Given material
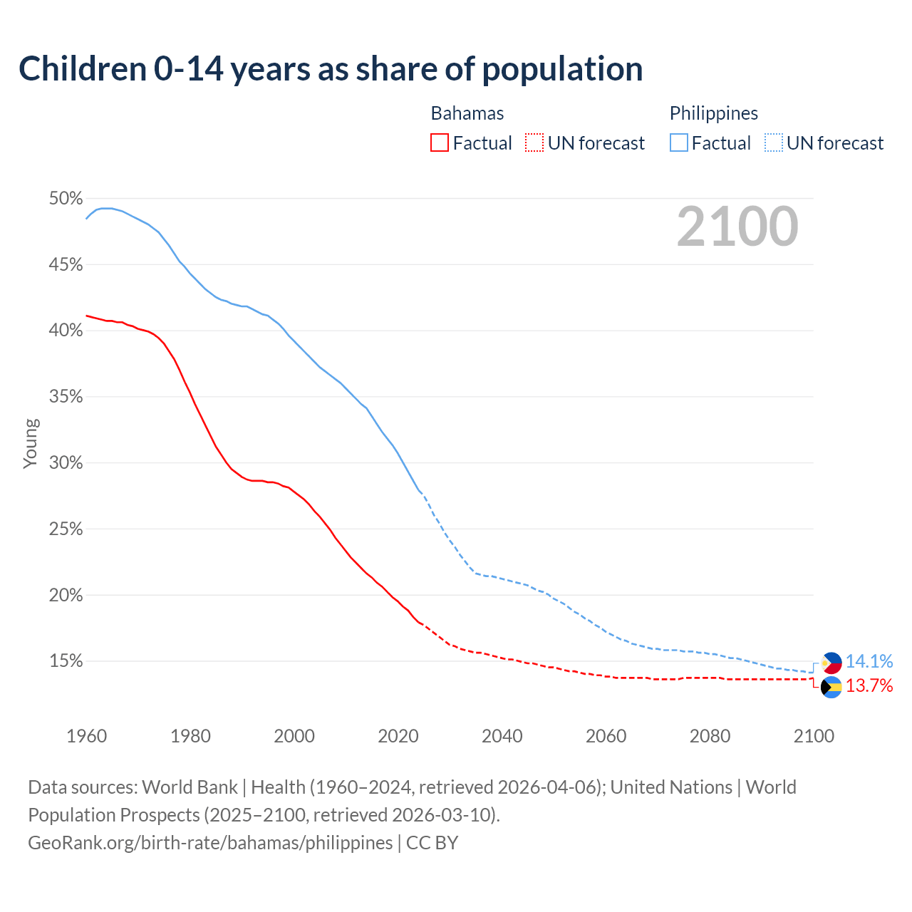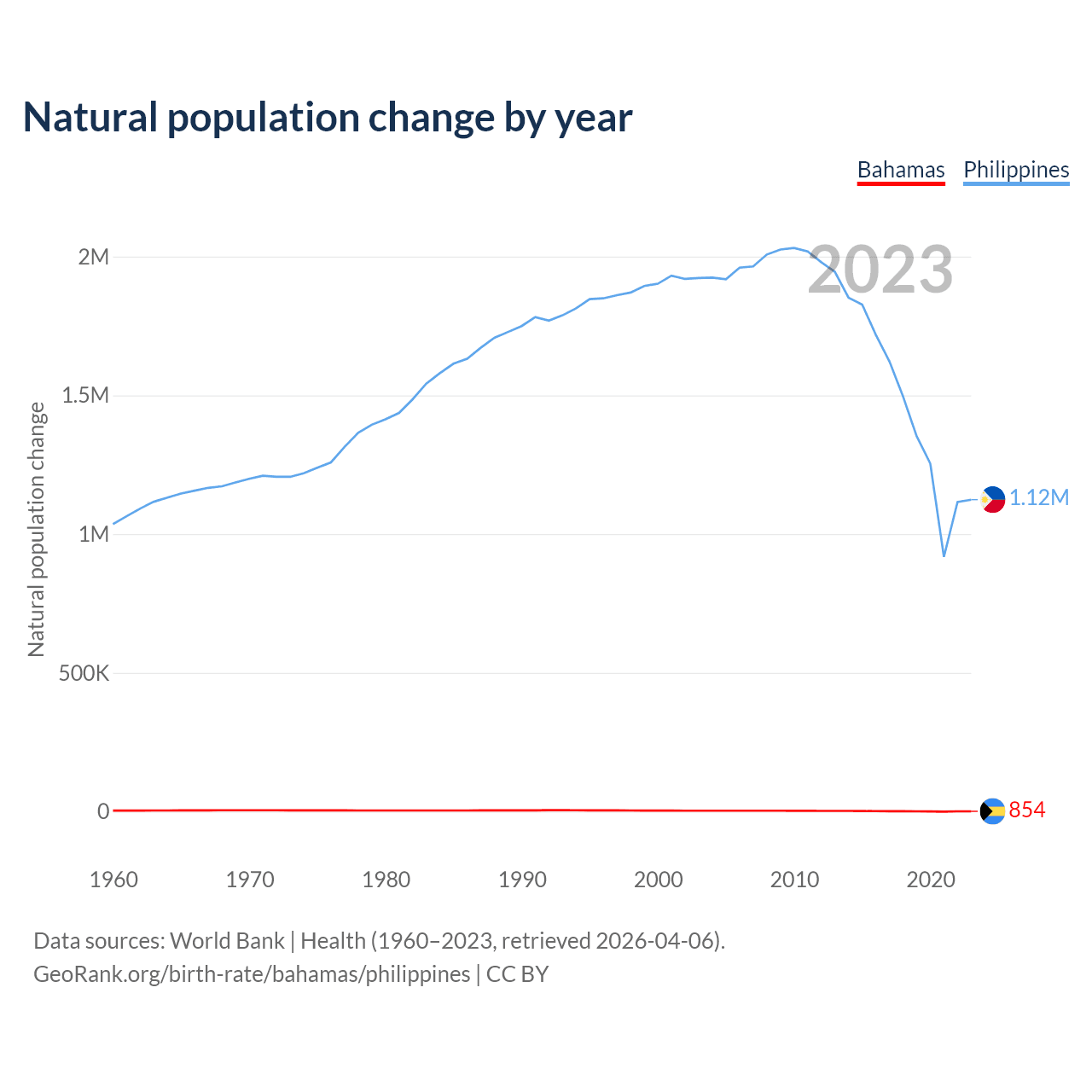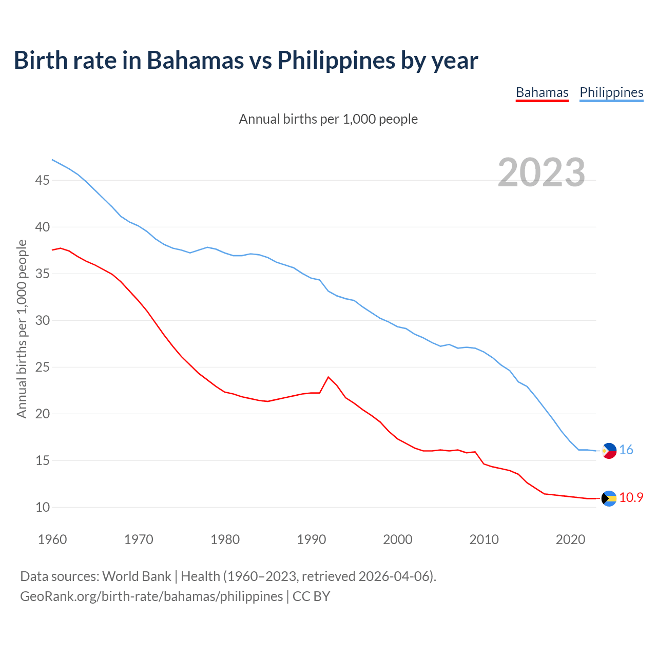 The Bahamas has an annual birth rate of 10.9 births per 1,000 people, compared to 16 for the Philippines. The average number of children a woman is expected to have during her lifetime — the fertility rate, is 1.37 in the Bahamas and 1.92 in the Philippines — 39.5% difference.
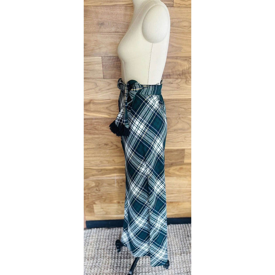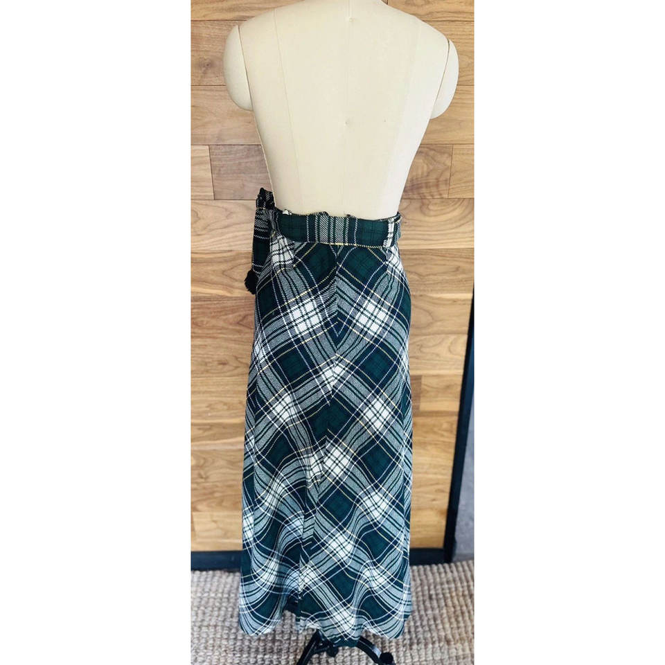 กระโปรงวินเทจยุค 60 สำหรับผู้หญิง ไซส์ XS สีเขียว สีน้ำเงิน สีดำ ลายสก็อต ผ้าขนสัตว์ กระโปรงยาวแบบมีเข็มขัด สำหรับสาวๆ ปี 2026
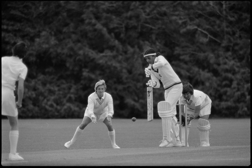 Captain Shantha Rangaswamy defends during her innings of 5 in a half hour stay at the crease. A disappointing score for Shantha, whose storied career ran from 1976 to 1991. She was the first Indian women's cricket captain, the first to win a test match and the first to receive a lifetime achievement award from the BCCI (Board of Control for Cricket in India).
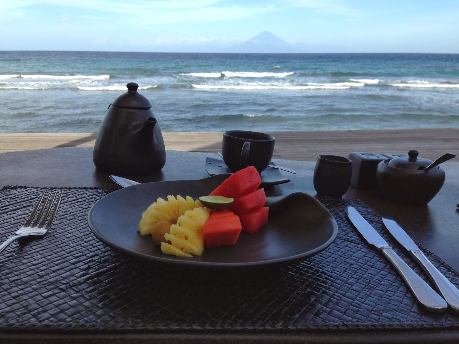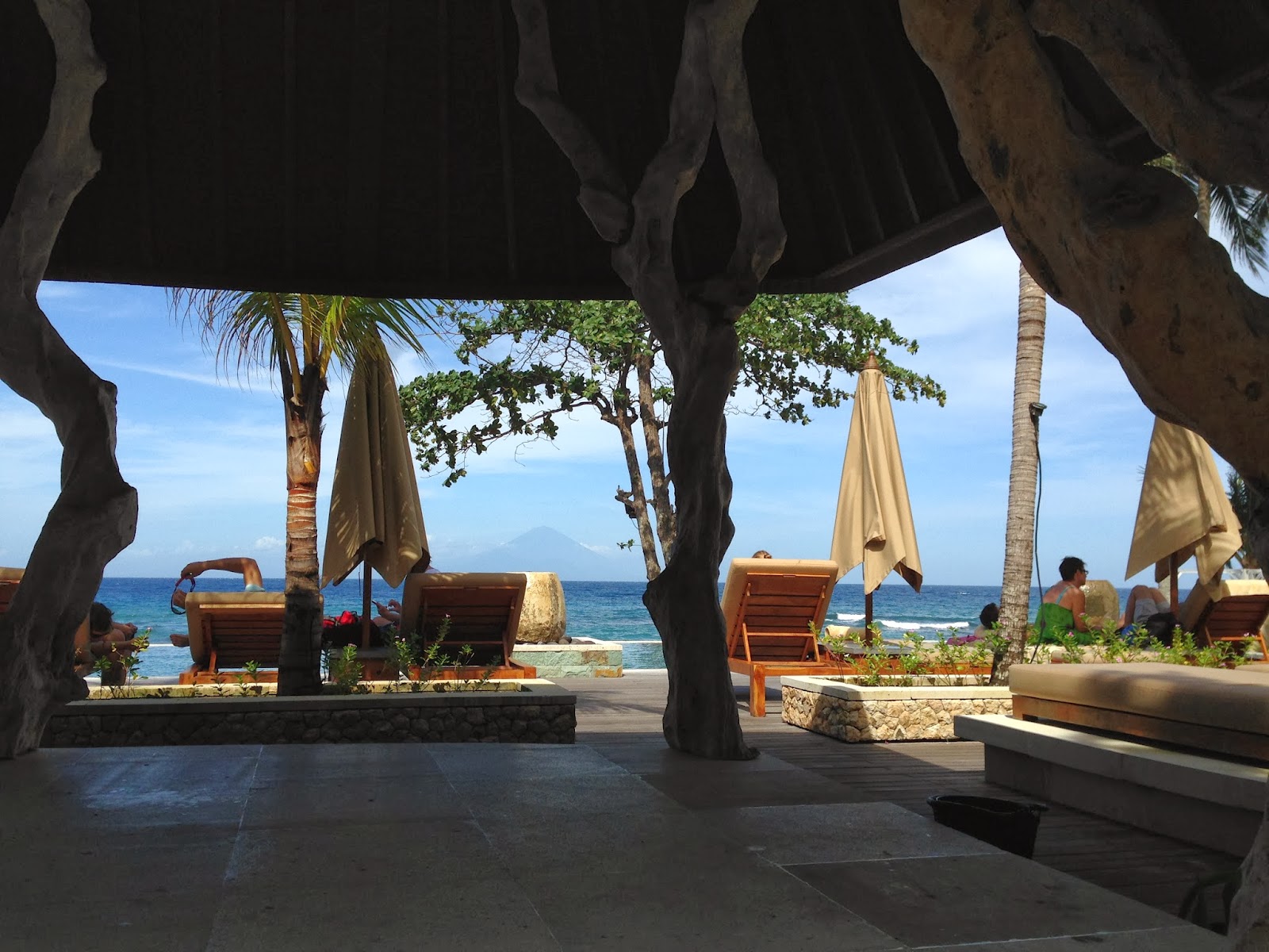Our bedroom directly opens into a view of one of the swimming pools right in front of the sea. That huge mountain from across is in Bali. It’s quite famous and I had a pic with the view of it when I visited Bali but I forgot the mountain’s name.

What you should do
Copy the lines exactly. Start at the line with "Captain Shantha Rangaswamy", end at the last line above, include both, and omit all pictures.

Answer for this exercise
 Captain Shantha Rangaswamy defends during her innings of 5 in a half hour stay at the crease. A disappointing score for Shantha, whose storied career ran from 1976 to 1991. She was the first Indian women's cricket captain, the first to win a test match and the first to receive a lifetime achievement award from the BCCI (Board of Control for Cricket in India).
Our bedroom directly opens into a view of one of the swimming pools right in front of the sea. That huge mountain from across is in Bali. It’s quite famous and I had a pic with the view of it when I visited Bali but I forgot the mountain’s name.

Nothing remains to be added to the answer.